━━━━━ Extracted material ━━━━━
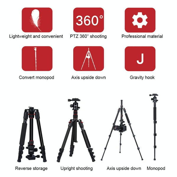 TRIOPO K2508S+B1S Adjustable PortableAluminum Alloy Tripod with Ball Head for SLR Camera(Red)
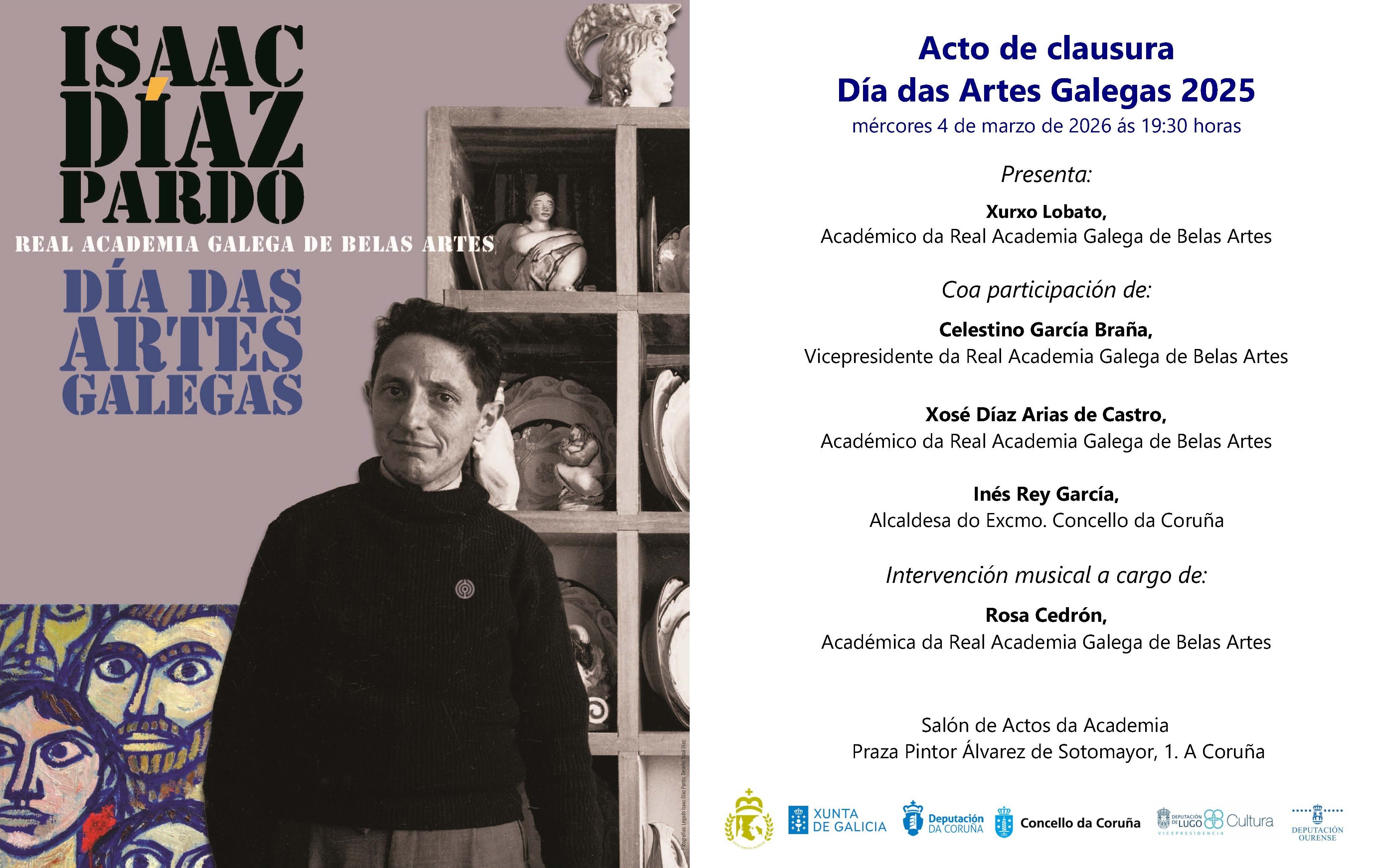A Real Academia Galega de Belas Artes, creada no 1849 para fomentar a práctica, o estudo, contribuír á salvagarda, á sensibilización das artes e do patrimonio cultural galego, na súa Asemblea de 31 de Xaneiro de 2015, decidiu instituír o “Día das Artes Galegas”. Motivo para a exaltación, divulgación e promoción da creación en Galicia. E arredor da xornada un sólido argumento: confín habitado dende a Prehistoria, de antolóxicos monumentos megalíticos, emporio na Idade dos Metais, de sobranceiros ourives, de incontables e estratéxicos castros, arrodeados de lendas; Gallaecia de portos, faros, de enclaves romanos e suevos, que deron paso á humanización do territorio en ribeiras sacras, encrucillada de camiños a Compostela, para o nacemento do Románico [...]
━━━━━
━━━━━ Extracted material ━━━━━
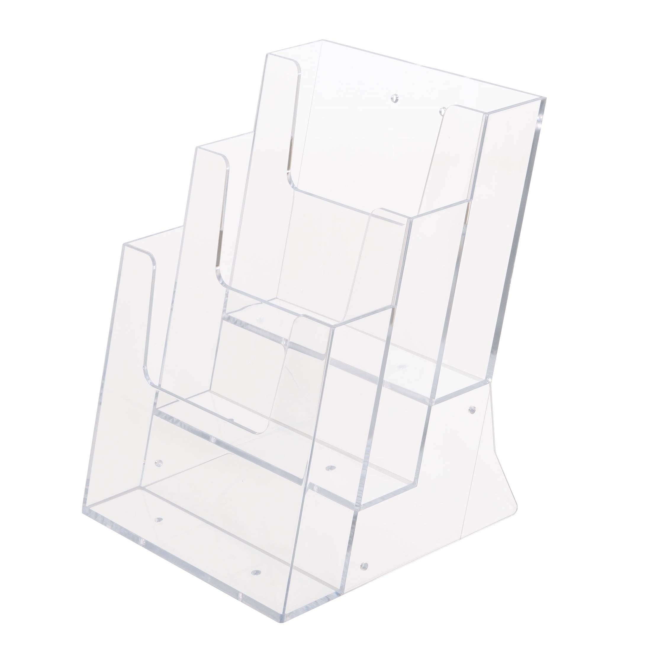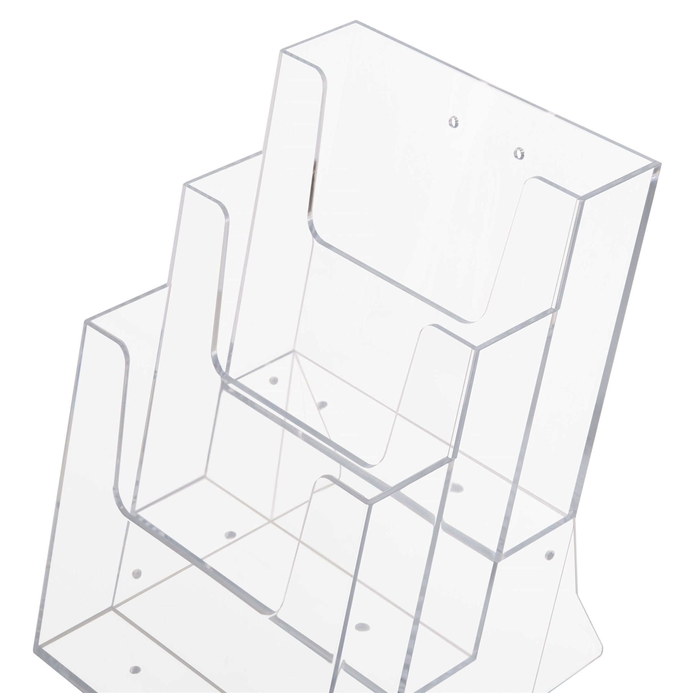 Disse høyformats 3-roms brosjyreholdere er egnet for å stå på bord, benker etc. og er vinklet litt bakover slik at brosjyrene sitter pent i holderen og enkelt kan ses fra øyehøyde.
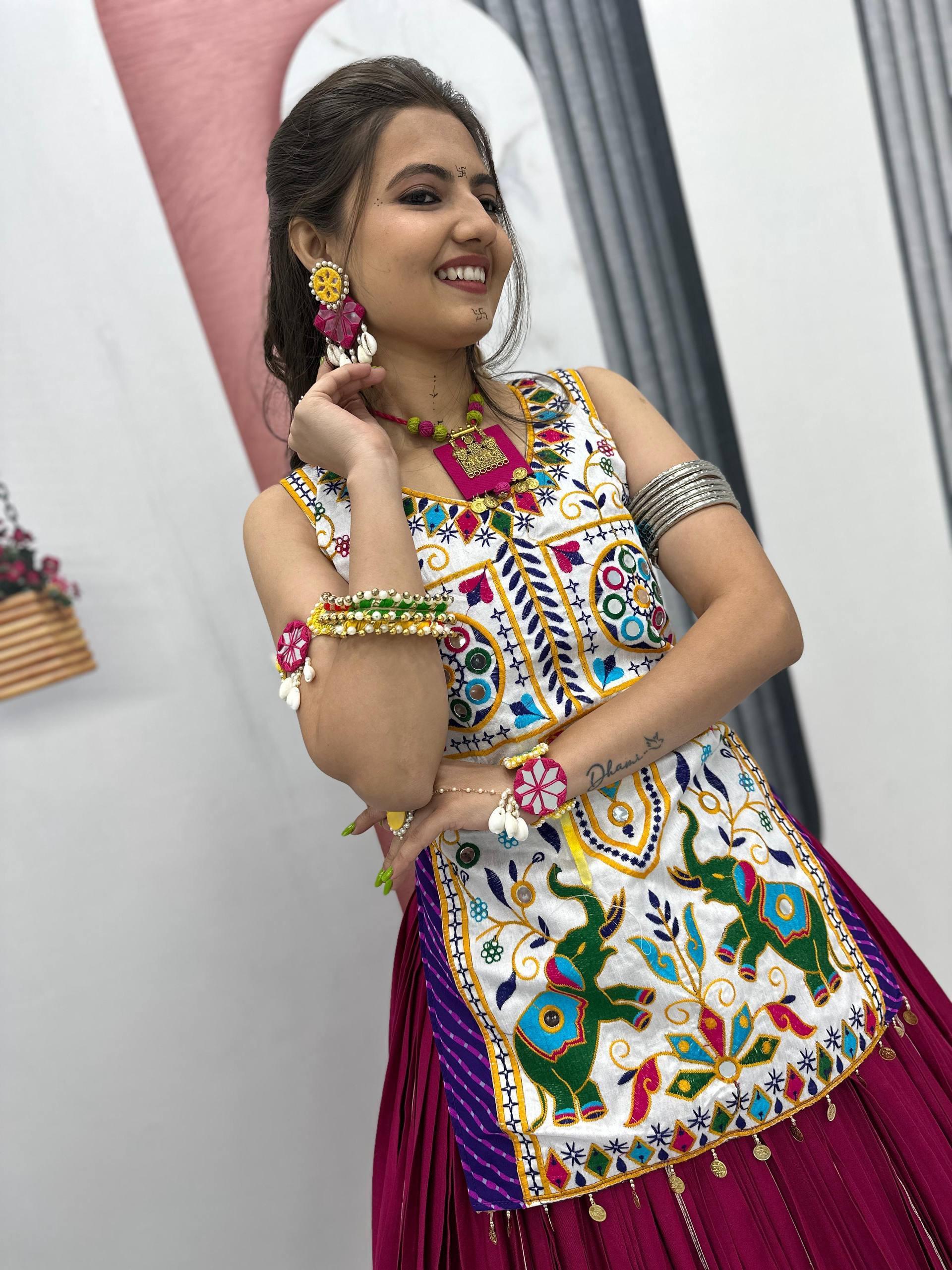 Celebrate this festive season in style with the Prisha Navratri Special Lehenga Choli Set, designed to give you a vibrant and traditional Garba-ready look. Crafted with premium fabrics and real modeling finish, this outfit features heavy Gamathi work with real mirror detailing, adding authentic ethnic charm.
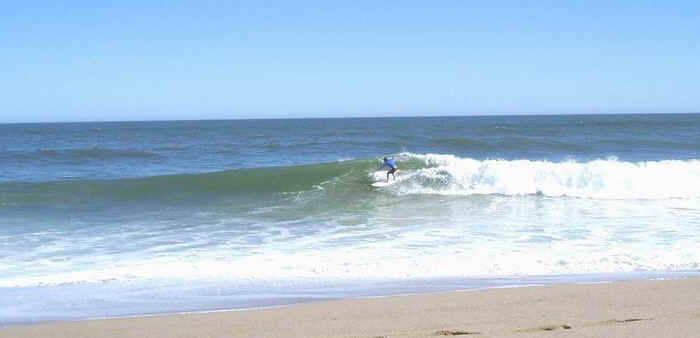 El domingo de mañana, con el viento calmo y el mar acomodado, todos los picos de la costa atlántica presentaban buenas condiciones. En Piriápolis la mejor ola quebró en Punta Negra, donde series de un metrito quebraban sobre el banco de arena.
━━━━━
● **Task details**
Only the lines above starting with the line with "TRIOPO K2508S+B1S Adjustable" and going on through the line with "A Real Academia" belong in the answer; repeat them exactly, minus any picture.

● **Result below**
 TRIOPO K2508S+B1S Adjustable PortableAluminum Alloy Tripod with Ball Head for SLR Camera(Red)
A Real Academia Galega de Belas Artes, creada no 1849 para fomentar a práctica, o estudo, contribuír á salvagarda, á sensibilización das artes e do patrimonio cultural galego, na súa Asemblea de 31 de Xaneiro de 2015, decidiu instituír o “Día das Artes Galegas”. Motivo para a exaltación, divulgación e promoción da creación en Galicia. E arredor da xornada un sólido argumento: confín habitado dende a Prehistoria, de antolóxicos monumentos megalíticos, emporio na Idade dos Metais, de sobranceiros ourives, de incontables e estratéxicos castros, arrodeados de lendas; Gallaecia de portos, faros, de enclaves romanos e suevos, que deron paso á humanización do territorio en ribeiras sacras, encrucillada de camiños a Compostela, para o nacemento do Románico [...]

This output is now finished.